* **TASK BRIEF**: Reproduce from the records below, with no pictures, exactly the lines between the one containing "To celebrate the" and the one containing "根據以上內容,我們看到4個題型的出題數量:填空>選擇>匹配>地圖", inclusive.

* **SUPPLIED DATA**:

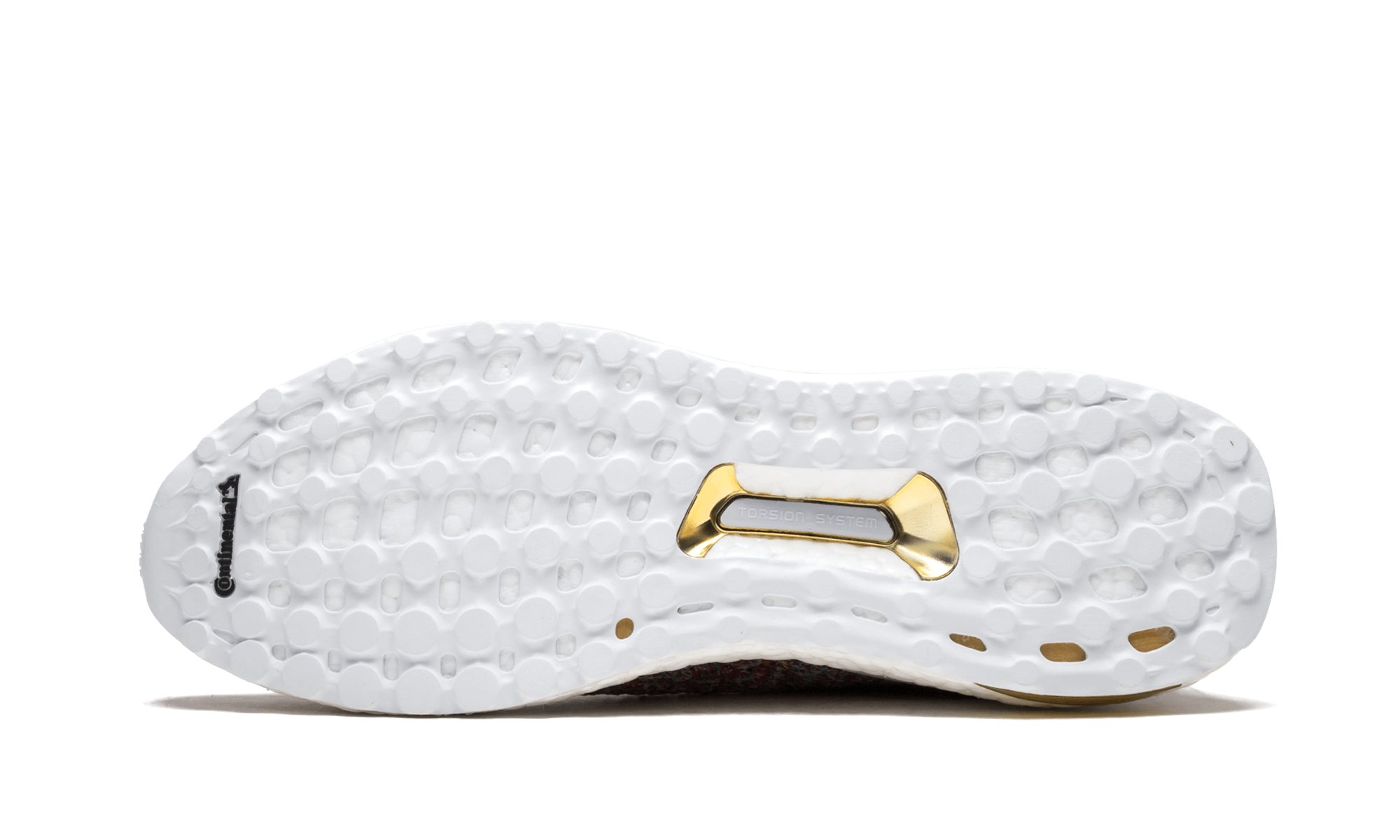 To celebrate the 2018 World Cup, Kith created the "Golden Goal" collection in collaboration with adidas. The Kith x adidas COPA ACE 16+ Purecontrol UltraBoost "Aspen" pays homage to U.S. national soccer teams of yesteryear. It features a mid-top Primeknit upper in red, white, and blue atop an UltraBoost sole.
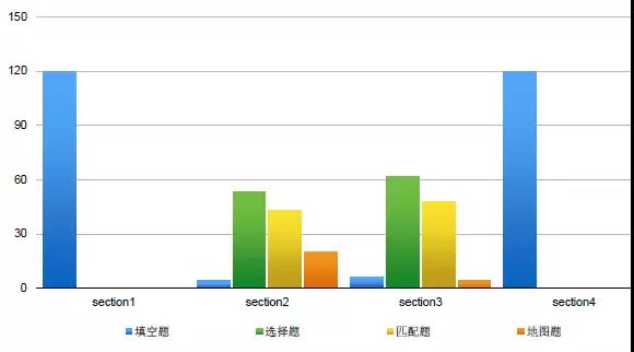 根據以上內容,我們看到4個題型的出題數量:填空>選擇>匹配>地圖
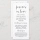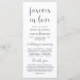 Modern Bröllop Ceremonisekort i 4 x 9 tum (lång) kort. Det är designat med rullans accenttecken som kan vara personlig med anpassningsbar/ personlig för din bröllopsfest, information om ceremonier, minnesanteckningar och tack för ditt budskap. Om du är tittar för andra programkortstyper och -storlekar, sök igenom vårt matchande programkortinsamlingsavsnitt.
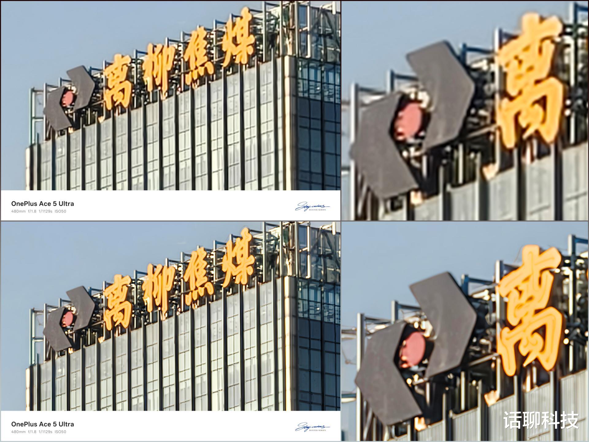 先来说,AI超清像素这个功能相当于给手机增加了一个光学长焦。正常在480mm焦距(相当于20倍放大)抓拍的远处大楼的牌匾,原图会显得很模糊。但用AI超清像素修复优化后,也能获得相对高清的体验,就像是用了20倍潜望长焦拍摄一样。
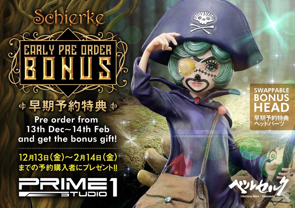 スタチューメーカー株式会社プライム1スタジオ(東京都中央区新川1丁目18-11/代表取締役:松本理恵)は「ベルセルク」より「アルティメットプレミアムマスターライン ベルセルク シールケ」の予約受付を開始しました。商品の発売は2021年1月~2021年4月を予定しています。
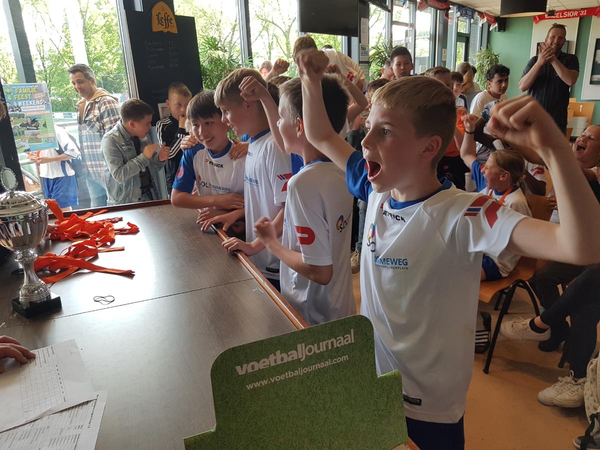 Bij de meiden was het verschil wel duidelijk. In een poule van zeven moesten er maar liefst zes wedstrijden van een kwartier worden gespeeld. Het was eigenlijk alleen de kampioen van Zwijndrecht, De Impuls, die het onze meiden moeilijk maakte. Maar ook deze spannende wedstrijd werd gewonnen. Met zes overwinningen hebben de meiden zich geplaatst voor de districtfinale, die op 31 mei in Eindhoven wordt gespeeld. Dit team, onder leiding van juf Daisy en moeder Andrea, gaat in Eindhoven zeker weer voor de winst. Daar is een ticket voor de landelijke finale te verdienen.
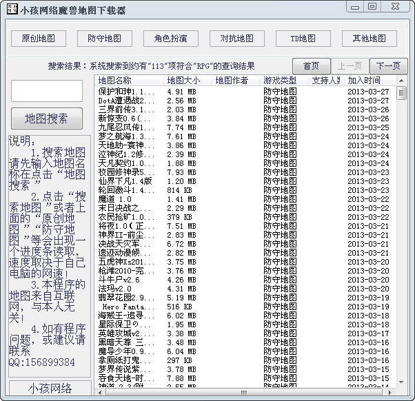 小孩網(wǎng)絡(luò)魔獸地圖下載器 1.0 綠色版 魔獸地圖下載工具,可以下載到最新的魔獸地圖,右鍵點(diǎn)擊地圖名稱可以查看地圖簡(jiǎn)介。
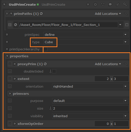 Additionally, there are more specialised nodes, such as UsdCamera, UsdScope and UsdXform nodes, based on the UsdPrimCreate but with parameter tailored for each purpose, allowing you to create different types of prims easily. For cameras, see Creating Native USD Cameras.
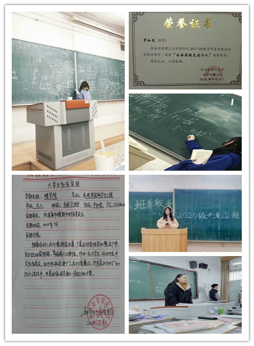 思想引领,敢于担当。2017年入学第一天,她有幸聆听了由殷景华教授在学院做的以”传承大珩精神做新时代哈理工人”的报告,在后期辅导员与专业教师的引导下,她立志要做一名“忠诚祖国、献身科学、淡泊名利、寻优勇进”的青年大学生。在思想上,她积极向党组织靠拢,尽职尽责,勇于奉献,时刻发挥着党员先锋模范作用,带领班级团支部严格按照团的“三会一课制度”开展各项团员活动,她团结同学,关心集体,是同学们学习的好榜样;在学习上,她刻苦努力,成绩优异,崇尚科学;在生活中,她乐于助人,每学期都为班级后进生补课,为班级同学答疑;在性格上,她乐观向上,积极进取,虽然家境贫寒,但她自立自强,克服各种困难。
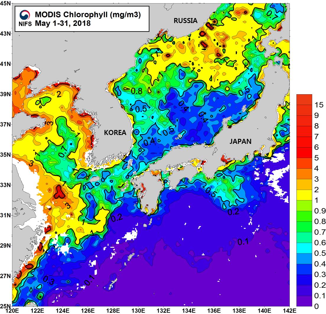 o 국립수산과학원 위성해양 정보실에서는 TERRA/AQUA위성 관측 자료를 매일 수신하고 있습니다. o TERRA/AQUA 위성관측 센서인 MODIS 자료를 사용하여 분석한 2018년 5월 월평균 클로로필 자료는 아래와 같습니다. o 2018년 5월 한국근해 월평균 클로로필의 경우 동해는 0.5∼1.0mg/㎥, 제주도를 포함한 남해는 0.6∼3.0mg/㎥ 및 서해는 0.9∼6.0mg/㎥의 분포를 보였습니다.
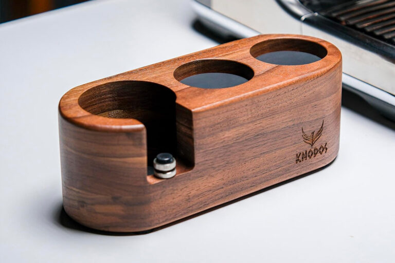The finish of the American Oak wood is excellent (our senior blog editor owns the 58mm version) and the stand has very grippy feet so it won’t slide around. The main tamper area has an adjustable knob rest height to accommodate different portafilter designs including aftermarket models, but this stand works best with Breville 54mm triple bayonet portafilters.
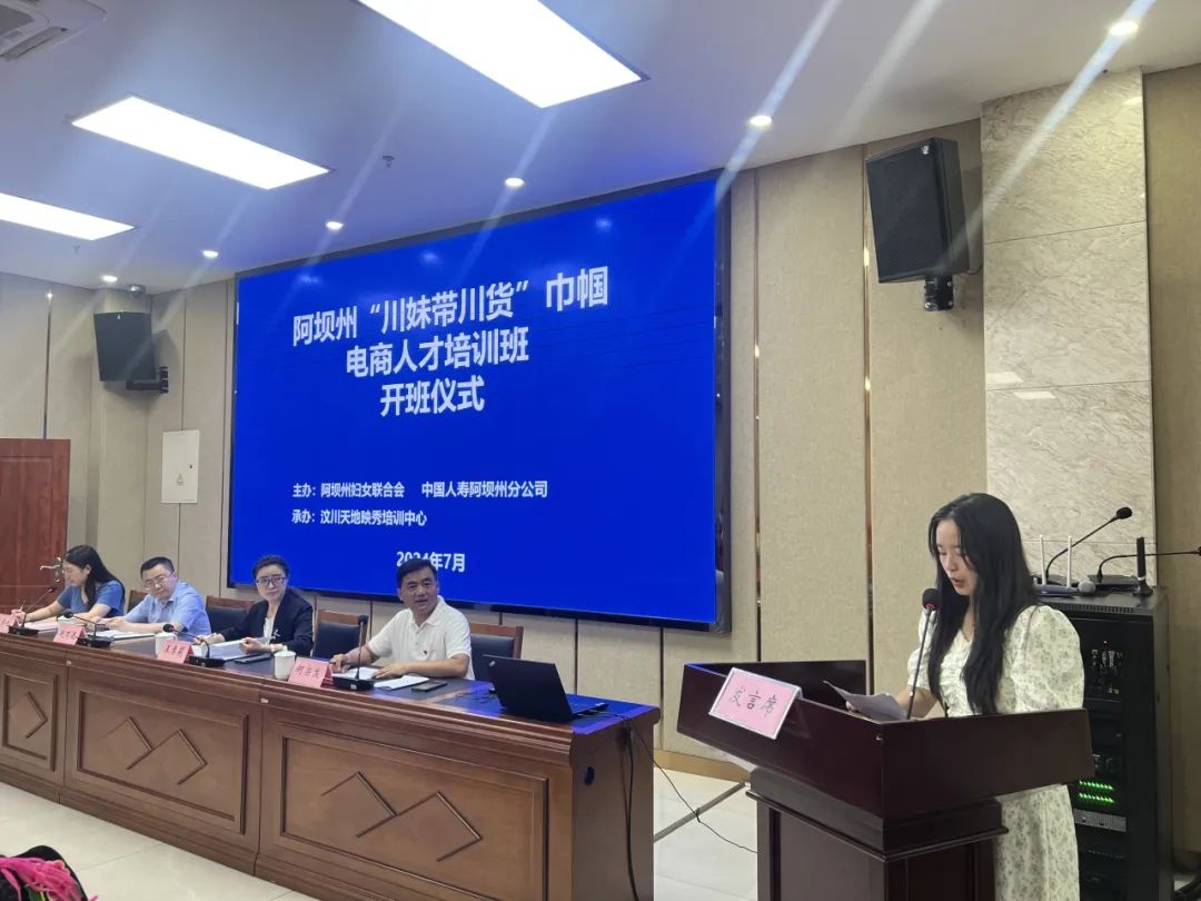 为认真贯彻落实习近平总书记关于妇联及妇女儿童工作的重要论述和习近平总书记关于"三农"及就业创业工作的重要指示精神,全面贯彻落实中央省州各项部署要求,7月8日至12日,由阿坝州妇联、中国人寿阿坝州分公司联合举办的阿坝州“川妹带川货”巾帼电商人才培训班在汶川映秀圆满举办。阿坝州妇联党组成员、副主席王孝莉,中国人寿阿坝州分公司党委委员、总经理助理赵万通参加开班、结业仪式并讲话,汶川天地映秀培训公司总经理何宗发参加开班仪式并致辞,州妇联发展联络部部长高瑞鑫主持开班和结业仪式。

--

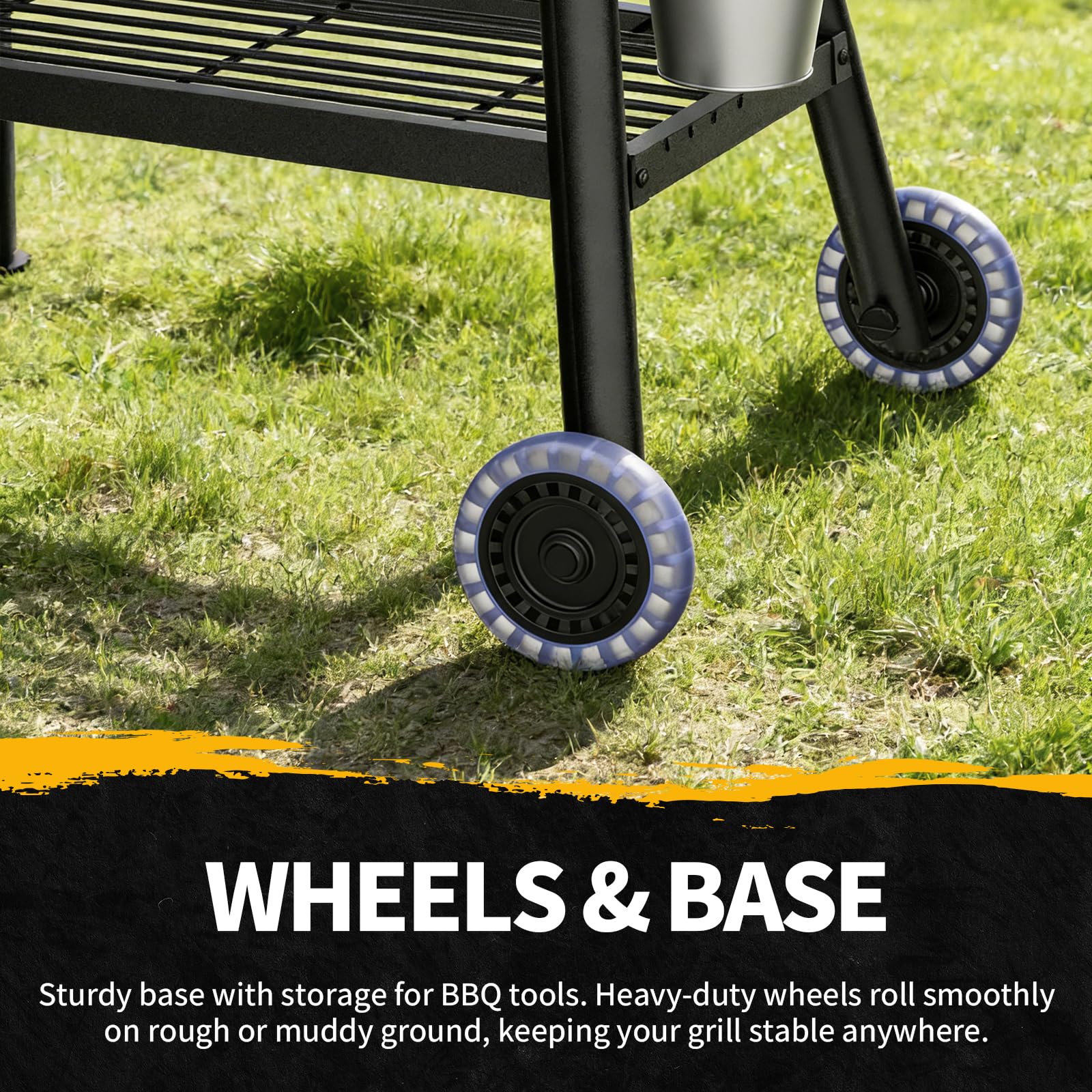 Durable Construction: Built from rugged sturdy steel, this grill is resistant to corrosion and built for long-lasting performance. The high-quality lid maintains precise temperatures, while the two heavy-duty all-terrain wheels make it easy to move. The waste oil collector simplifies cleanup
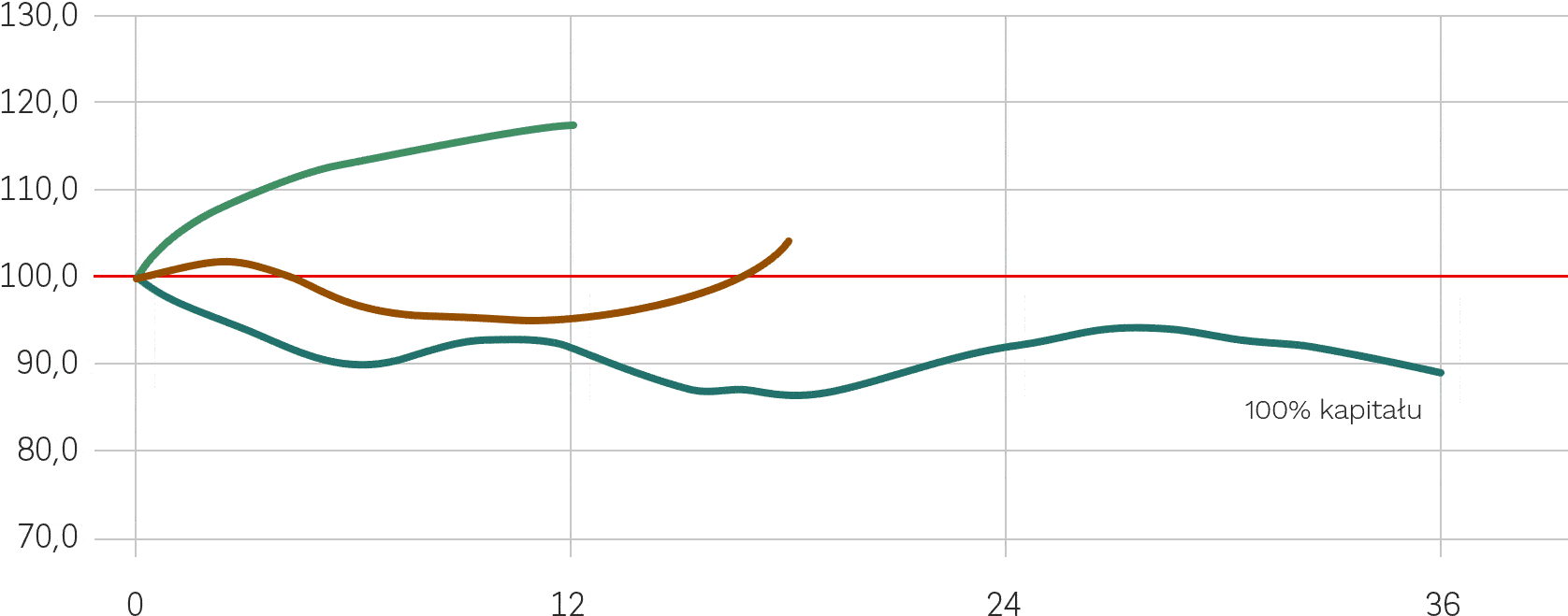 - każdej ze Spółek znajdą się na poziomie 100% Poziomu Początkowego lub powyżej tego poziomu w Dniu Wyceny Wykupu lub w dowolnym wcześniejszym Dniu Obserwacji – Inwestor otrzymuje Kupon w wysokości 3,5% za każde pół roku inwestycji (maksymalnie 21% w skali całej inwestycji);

...

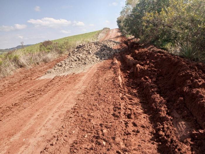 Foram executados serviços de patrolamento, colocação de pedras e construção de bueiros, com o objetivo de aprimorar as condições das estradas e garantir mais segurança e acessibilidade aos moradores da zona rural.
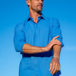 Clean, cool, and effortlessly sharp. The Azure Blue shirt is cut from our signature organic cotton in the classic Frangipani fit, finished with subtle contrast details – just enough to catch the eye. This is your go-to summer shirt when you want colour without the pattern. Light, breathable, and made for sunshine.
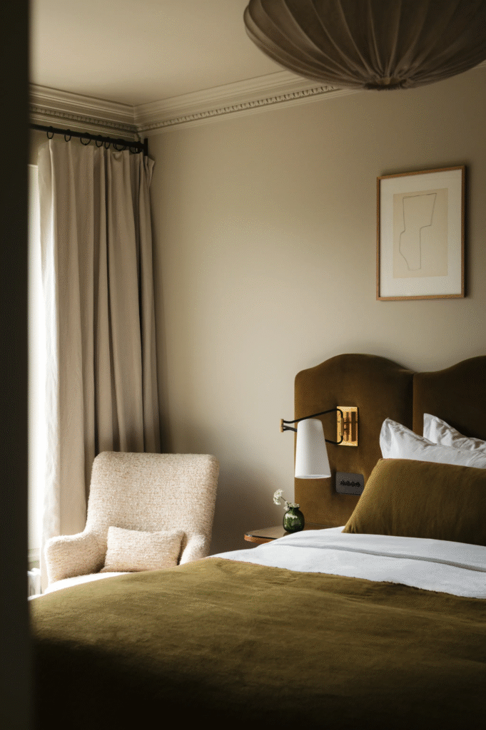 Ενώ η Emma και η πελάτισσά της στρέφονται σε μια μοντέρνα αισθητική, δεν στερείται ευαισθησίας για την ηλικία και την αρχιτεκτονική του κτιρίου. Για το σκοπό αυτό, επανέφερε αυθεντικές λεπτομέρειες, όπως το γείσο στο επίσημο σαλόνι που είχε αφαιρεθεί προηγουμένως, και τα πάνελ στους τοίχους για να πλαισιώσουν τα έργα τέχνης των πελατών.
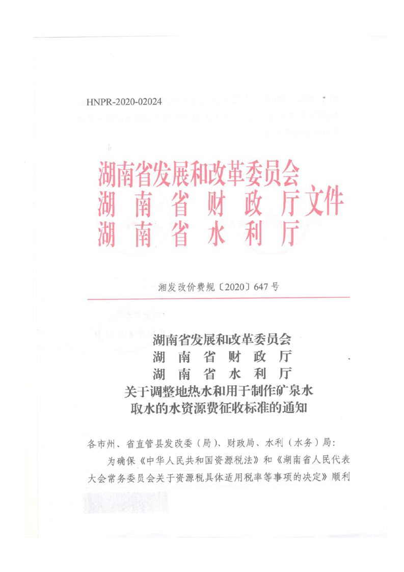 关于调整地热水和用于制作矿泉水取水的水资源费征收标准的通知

* **EXERCISE RESPONSE**:
 To celebrate the 2018 World Cup, Kith created the "Golden Goal" collection in collaboration with adidas. The Kith x adidas COPA ACE 16+ Purecontrol UltraBoost "Aspen" pays homage to U.S. national soccer teams of yesteryear. It features a mid-top Primeknit upper in red, white, and blue atop an UltraBoost sole.
 根據以上內容,我們看到4個題型的出題數量:填空>選擇>匹配>地圖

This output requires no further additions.